Gambar 4. Mekanisme kerja insulin (Suherman, 2007)

  Efek ini bersifat reversibel, GLUT kembali ke pool intrasel saat insulin tidak bekerja lagi. Gangguan proses regulasi ini dapat menjadi salah satu sebab DM tipe 2 (Suherman, 2007)

4. Sediaan analog insulin

  Insulin merupakan obat utama untuk DM tipe 1 dan beberapa jenis DM tipe 2. Suntikan insulin dapat dilakukan dengan berbagai cara, antara lain intravena, intramuskuler, dan umumnya dalam penggunaan jangka panjang lebih disukai pemberian sub kutan (Suherman, 2007). Secara normal insulin disekresi masuk ke vena porta dan selanjutnya mencapai hepar dalam beberapa detik. Bila insulin diberikan secara subkutan, sebelum diabsorbsi dan kemudian masuk ke peredaran darah membutuhkan waktu untuk melakukan perubahan bentuk heksamer menjadi bentuk monomer (Murtiwi, 2011).

  Insulin analog merupakan upaya untuk membuat insulin yang menyerupai profile insulin yang fisiologis ditubuh kita. Molekul human insulin terdiri dari rangkaian asam amino dalam bentuk dua rantai yaitu rantai A yang terdiri dari 21 asam amino dan rantai B yang terdiri dari 30 asam amino. Dengan merubah bentuk molekul asli dengan mengganti salah satu asam amino dalam rantainya akan memberikan perubahan kerja insulin. Perubahan molekul insulin ini akan menghasilkan insulin analog yang mempunyai sifat absorbsi dari tempat injeksi lebih cepat, sehingga akan masuk ke dalam aliran darah bersamaan dengan keadaan hiperglikemi prandial (Murtiwi, 2011).

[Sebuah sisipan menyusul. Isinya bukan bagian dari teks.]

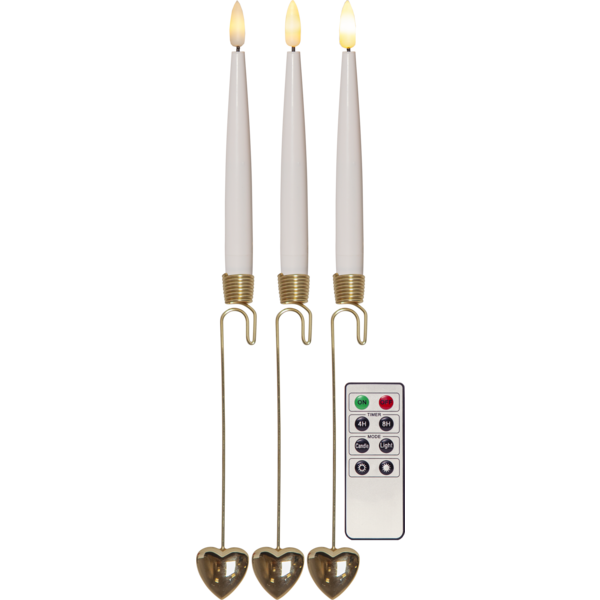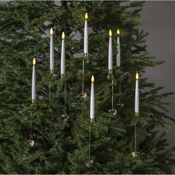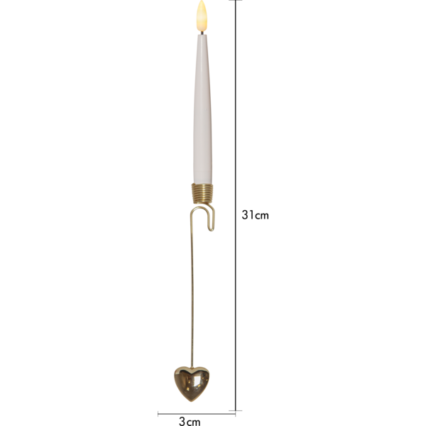 Dekorativ julgransbelysning i form av ett batteridrivet ljus med hållare i guldfärgad metall. För inomhusbruk. Hållaren har en krok för enkel montering i julgranen. Längst ner på hållaren sitter ett dekorativt hjärta. Förpackningen innehåller 8 st vita ljus med hållare. Varje ljus drivs av ett AAA batteri. Fjärrkontroll med timer funktion, justerbar ljusstyrka och val av fast eller flimrande ljus.
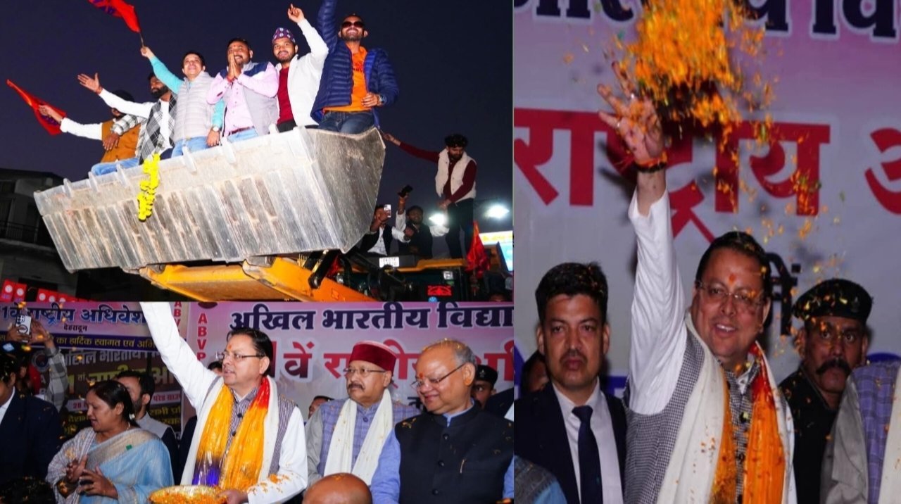 मुख्यमंत्री पुष्कर सिंह धामी ने गांधी पार्क, देहरादून में आयोजित Akhil Bharatiya Vidyarthi Parishad (ABVP) के 71वें राष्ट्रीय अधिवेशन में देशभर से पहुंचे प्रतिनिधियों एवं कार्यकर्ताओं का पदयात्रा में पुष्प वर्षा कर स्वागत एवं अभिनंदन किया। आदरणीय प्रधानमंत्री Narendra Modi जी के कुशल एवं दूरदर्शी नेतृत्व में आज देश का युवावर्ग नई ऊर्जा के साथ आगे बढ़ रहा है, राष्ट्रवाद की भावना और अधिक प्रबल हुई है और युवाशक्ति विकास की धुरी बनकर भारत को वैश्विक नेतृत्व की ओर अग्रसर कर रही है। छात्र राजनीति की शुरुआत एबीवीपी से होने के कारण संगठन के प्रति आत्मीयता और योगदान का यह भाव आज भी उतना ही दृढ़ है। एबीवीपी के विभिन्न पदों पर सेवा का अवसर पाकर सदैव राष्ट्रीय विचार, अनुशासन और संगठनात्मक कार्यसंस्कृति से सीखने का सौभाग्य मिला है। इस अवसर पर माननीय कैबिनेट मंत्री Satpal Maharaj जी, माननीय दायित्वधारी Suresh Bhatt जी समेत अन्य गणमान्य जन उपस्थित रहे।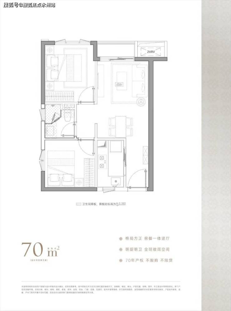 约70㎡两房两厅一卫 总价:285-345万 单价4万起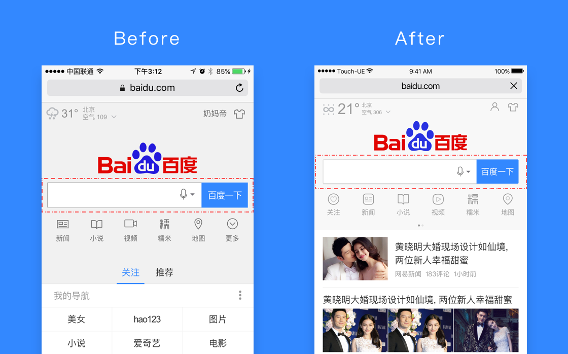 讓搜索干干凈凈,清晰的視覺風(fēng)格,去掉搜索框的效果修飾, 背景顏色更加清爽。 這是我們百度首頁UE團(tuán)隊的工作理念和設(shè)計觀,這是我們團(tuán)隊元思考和組織建設(shè)的基礎(chǔ)。經(jīng)過不斷的磨煉與反思,我們充分認(rèn)識到了工作理念和設(shè)計觀對于一個團(tuán)隊的重要性,我們時刻在提醒自己,要不斷對已有的經(jīng)驗(yàn)和結(jié)論進(jìn)行反思,要從更多的視角對它進(jìn)行觀察和思考。只有與時俱進(jìn),才能生生不息。

  Berdasarkan cara kerjanya, insulin analog diklasifikasikan sebagai:

  a. Kerja cepat (rapid acting), sebagai contoh insulin aspart (Novorapid R/), insulin lispro (Humalog R/), insulin glulisine (Apidra R/)

  b. Insulin kerja panjang (long acting), sebagai contoh glargine (Lantus R/) dan detemir (Levemir R/)

  c. Insulin bifasik (premixed) merupakan campuran rapid acting dan

  

intermediet acting : Novomix R/ (biphasic insulin aspart 30), Humalog Mix R/

(biphasic insulin lispro 25) (Murtiwi, 2011).

5. Insuline Glargine (Lantus R/)

  Glargine (Lantus R/) merupakan long acting insulin analog yang diproduksi melalui teknik rekombinan DNA dengan melakukan modifikasi human insulin yaitu dengan cara menambahkan dua molekul arginine pada C-terminus rantai cabang B yang akan menggeser titik isoelektrik dari pH 5,4 ke 6,7, kondisi pH fisiologis jaringan subkutan. Dengan mengganti asam amino aspargine pada posisi rantai A21 dengan glycine akan membuat larutan menjadi lebih stabil (Murtiwi, 2011).